═══ TASK INPUT

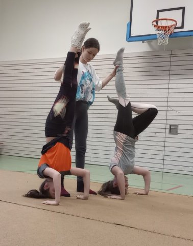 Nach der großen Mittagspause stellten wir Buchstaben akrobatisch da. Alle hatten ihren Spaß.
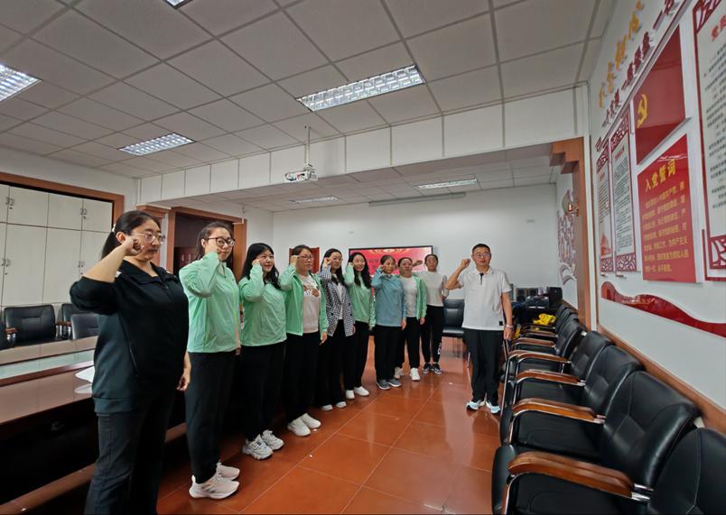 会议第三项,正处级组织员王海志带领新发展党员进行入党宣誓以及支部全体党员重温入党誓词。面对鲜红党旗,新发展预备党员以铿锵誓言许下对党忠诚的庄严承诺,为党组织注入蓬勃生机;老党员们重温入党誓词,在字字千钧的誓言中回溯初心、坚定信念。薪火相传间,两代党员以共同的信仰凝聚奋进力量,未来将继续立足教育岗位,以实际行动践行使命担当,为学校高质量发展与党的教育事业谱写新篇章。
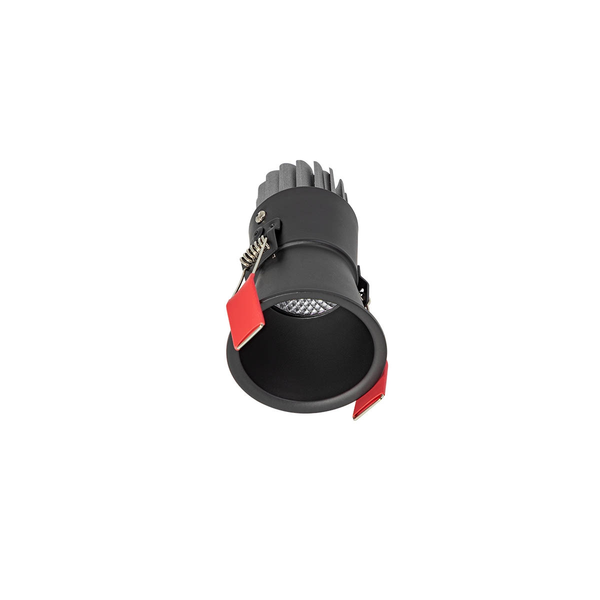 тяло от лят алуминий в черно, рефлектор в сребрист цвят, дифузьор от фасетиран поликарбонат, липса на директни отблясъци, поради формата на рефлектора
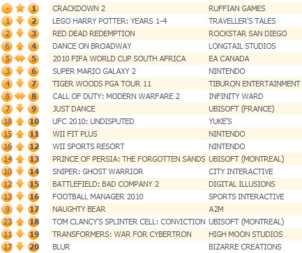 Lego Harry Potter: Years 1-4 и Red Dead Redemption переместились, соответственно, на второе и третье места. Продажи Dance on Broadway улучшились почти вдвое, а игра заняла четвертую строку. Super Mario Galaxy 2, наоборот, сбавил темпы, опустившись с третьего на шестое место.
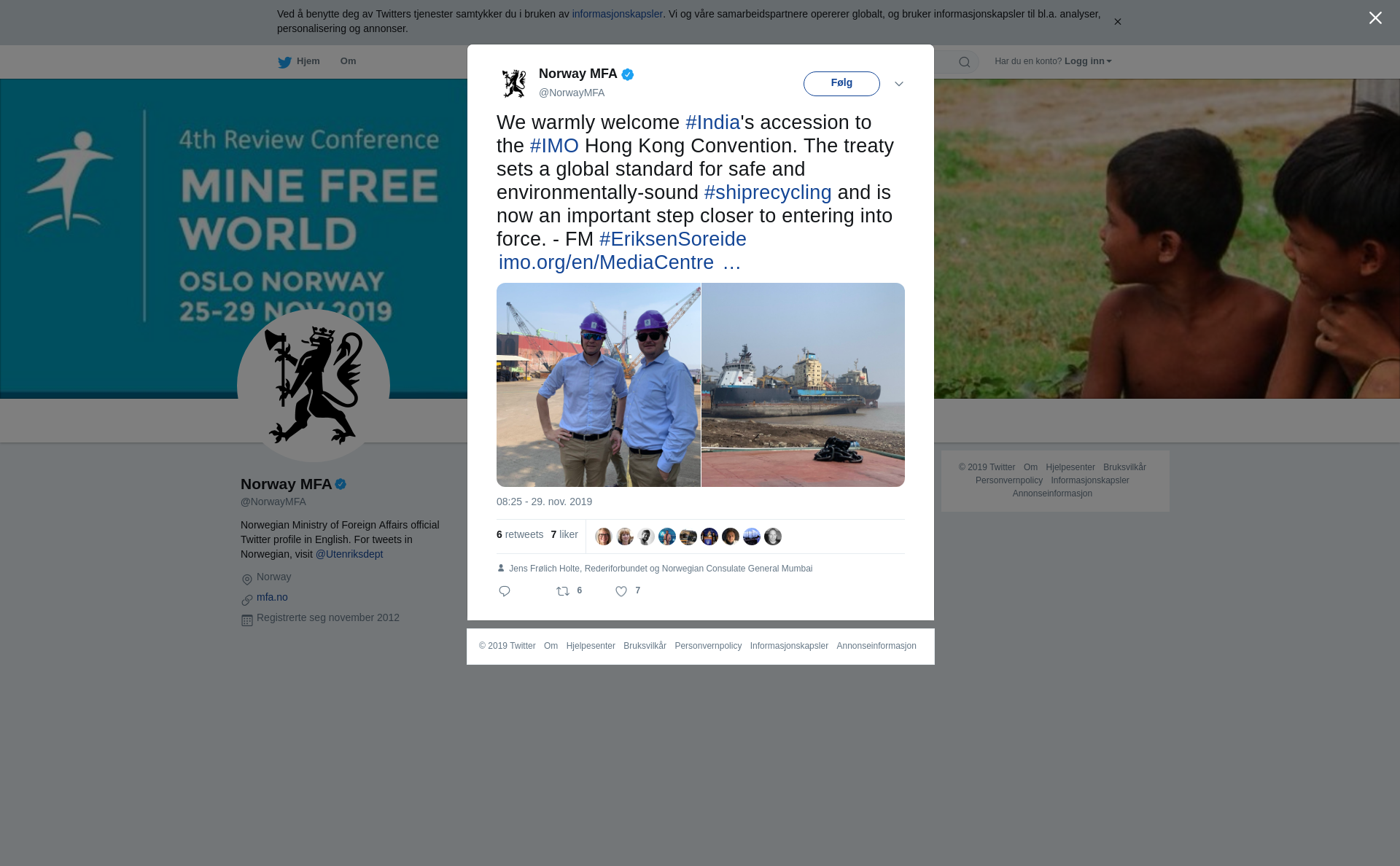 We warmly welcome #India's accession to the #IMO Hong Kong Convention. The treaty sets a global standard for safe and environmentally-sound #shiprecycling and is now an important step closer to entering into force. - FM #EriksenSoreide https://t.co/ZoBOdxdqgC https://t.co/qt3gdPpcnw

══════
═══ TASK INPUT

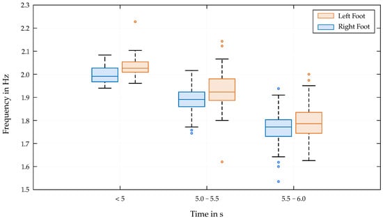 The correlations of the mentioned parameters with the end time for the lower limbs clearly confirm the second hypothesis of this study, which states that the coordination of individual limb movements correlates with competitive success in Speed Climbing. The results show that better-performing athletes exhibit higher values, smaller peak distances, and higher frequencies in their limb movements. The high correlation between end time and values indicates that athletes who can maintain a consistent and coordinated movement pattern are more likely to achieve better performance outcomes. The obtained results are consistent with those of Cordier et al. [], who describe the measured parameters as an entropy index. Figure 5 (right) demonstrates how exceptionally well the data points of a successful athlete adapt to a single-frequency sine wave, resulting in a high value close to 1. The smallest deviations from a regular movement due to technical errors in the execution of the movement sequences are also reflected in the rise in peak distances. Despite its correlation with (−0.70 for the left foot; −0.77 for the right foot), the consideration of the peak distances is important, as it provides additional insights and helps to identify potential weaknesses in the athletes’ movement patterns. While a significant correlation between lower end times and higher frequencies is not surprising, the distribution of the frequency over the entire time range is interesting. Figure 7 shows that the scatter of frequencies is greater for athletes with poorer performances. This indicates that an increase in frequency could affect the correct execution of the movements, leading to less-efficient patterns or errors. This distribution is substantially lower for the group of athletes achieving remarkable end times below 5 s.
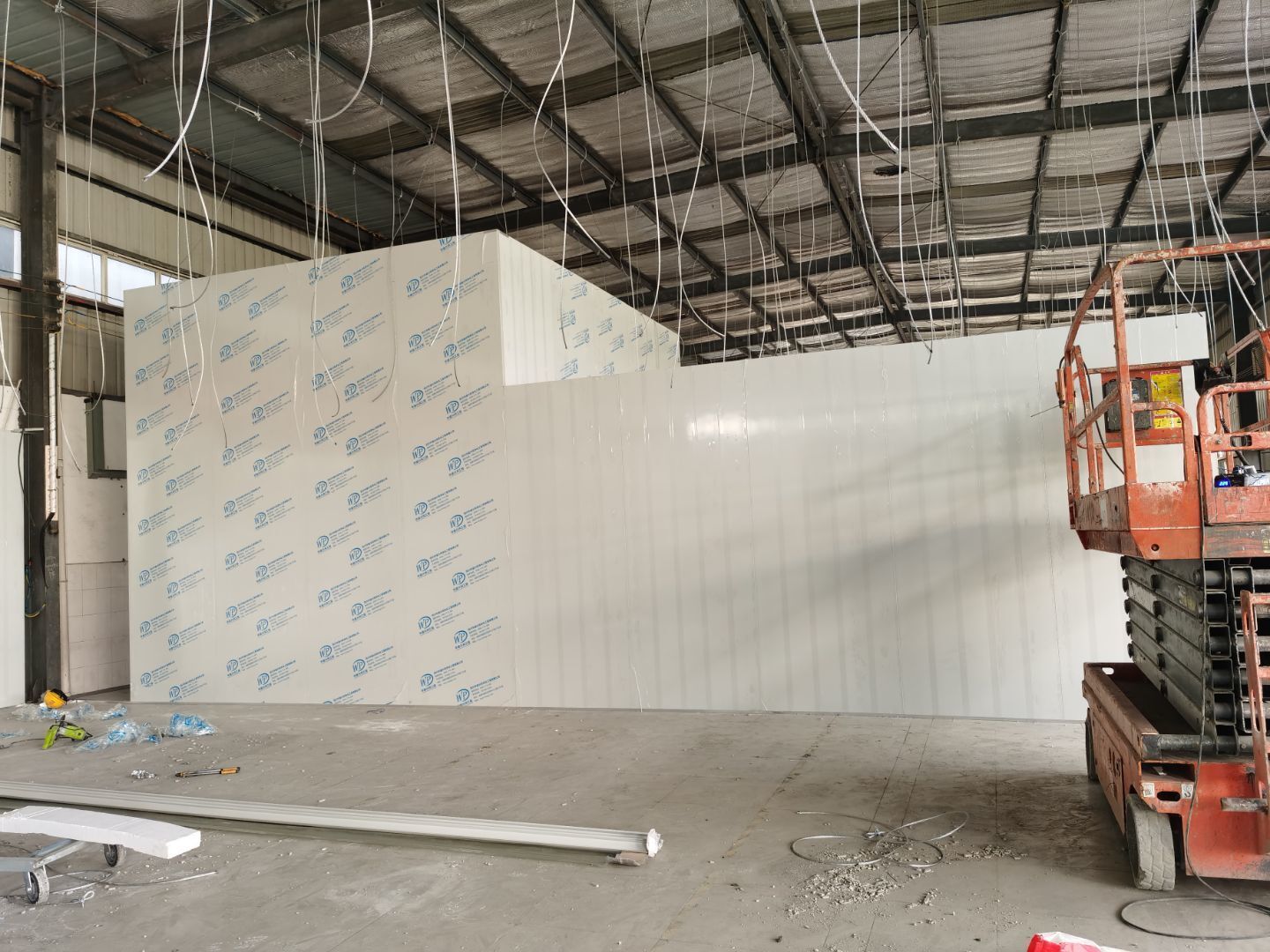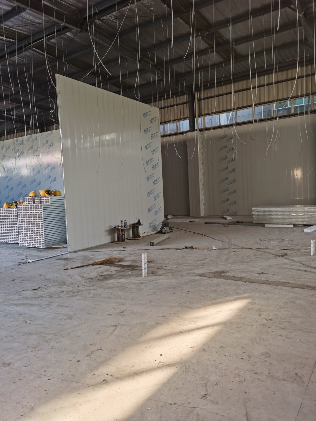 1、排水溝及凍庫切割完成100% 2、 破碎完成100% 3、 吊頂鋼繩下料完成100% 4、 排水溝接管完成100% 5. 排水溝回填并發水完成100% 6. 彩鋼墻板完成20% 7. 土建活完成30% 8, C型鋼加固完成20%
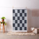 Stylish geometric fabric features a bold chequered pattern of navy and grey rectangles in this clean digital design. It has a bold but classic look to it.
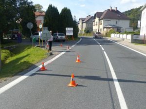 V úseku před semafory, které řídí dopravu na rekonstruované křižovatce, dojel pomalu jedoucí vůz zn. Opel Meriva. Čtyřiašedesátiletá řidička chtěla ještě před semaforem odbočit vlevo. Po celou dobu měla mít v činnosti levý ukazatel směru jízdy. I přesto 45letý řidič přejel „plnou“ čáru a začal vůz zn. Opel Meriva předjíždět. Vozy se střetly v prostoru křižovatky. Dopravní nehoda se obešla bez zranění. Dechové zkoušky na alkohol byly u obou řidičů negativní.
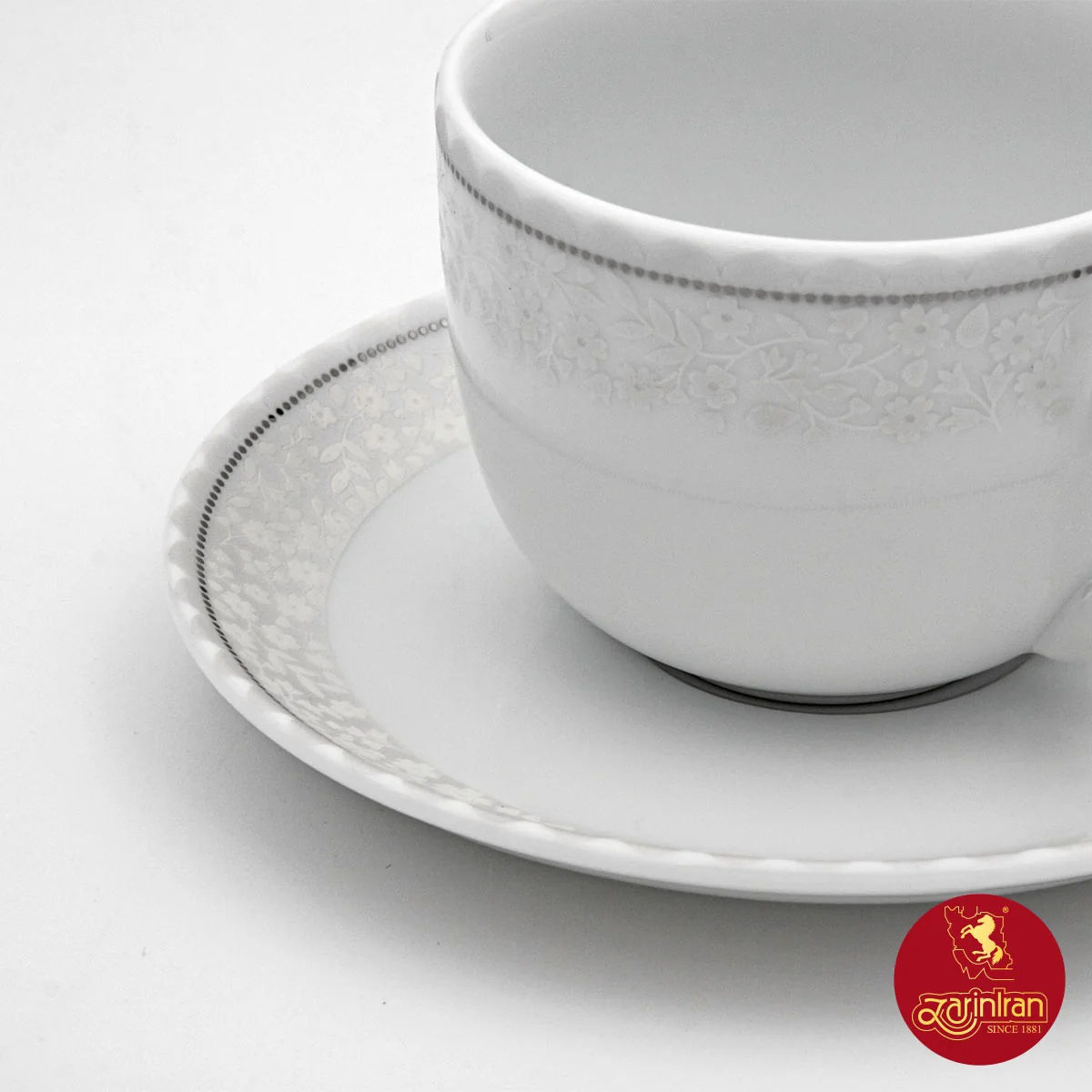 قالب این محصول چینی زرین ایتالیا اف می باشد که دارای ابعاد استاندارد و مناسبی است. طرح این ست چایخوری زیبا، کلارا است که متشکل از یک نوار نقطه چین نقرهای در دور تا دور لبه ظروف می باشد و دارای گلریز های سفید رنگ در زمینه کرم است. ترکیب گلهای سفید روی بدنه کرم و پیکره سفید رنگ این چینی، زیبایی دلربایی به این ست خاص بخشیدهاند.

══════

What is needed is an exact copy of only the lines above from the one with "Lego Harry Potter: Years" to the one with "We warmly welcome", both kept, with every picture left out.

 Lego Harry Potter: Years 1-4 и Red Dead Redemption переместились, соответственно, на второе и третье места. Продажи Dance on Broadway улучшились почти вдвое, а игра заняла четвертую строку. Super Mario Galaxy 2, наоборот, сбавил темпы, опустившись с третьего на шестое место.
 We warmly welcome #India's accession to the #IMO Hong Kong Convention. The treaty sets a global standard for safe and environmentally-sound #shiprecycling and is now an important step closer to entering into force. - FM #EriksenSoreide https://t.co/ZoBOdxdqgC https://t.co/qt3gdPpcnw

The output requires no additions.